** STORED DATA follows **

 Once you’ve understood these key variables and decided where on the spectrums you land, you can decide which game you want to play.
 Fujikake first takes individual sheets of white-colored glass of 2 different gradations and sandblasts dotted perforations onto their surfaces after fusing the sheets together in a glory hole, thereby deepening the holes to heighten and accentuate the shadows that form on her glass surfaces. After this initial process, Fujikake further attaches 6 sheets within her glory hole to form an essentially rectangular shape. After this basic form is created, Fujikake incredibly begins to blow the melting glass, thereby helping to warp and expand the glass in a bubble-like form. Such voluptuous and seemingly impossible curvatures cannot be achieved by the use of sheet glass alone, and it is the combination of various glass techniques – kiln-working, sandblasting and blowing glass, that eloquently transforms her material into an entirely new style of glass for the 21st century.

** End of STORED DATA **
** STORED DATA follows **

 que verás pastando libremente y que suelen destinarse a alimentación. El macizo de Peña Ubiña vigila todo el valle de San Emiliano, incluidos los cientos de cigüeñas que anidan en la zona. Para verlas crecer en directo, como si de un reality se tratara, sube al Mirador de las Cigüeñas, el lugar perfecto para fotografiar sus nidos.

** End of STORED DATA **
** STORED DATA follows **

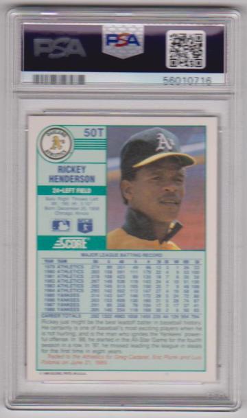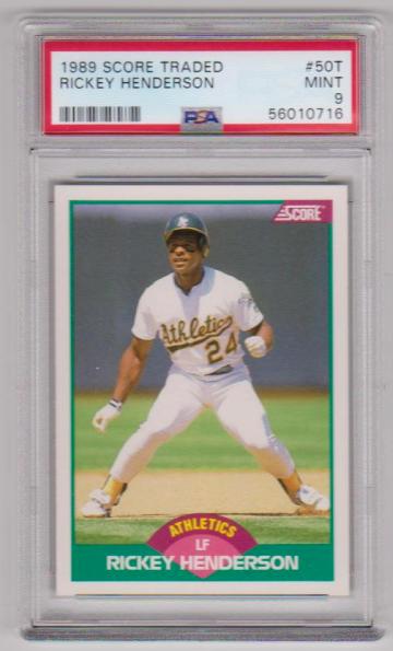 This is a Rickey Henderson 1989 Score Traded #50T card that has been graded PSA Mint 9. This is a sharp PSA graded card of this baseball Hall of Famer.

** End of STORED DATA **

ASSIGNMENT
Would you please write out, exactly and with no other lines, the stretch of the listing above from the line containing "Once you’ve understood" through the line containing "Fujikake first takes"?

TASK RESPONSE
 Once you’ve understood these key variables and decided where on the spectrums you land, you can decide which game you want to play.
 Fujikake first takes individual sheets of white-colored glass of 2 different gradations and sandblasts dotted perforations onto their surfaces after fusing the sheets together in a glory hole, thereby deepening the holes to heighten and accentuate the shadows that form on her glass surfaces. After this initial process, Fujikake further attaches 6 sheets within her glory hole to form an essentially rectangular shape. After this basic form is created, Fujikake incredibly begins to blow the melting glass, thereby helping to warp and expand the glass in a bubble-like form. Such voluptuous and seemingly impossible curvatures cannot be achieved by the use of sheet glass alone, and it is the combination of various glass techniques – kiln-working, sandblasting and blowing glass, that eloquently transforms her material into an entirely new style of glass for the 21st century.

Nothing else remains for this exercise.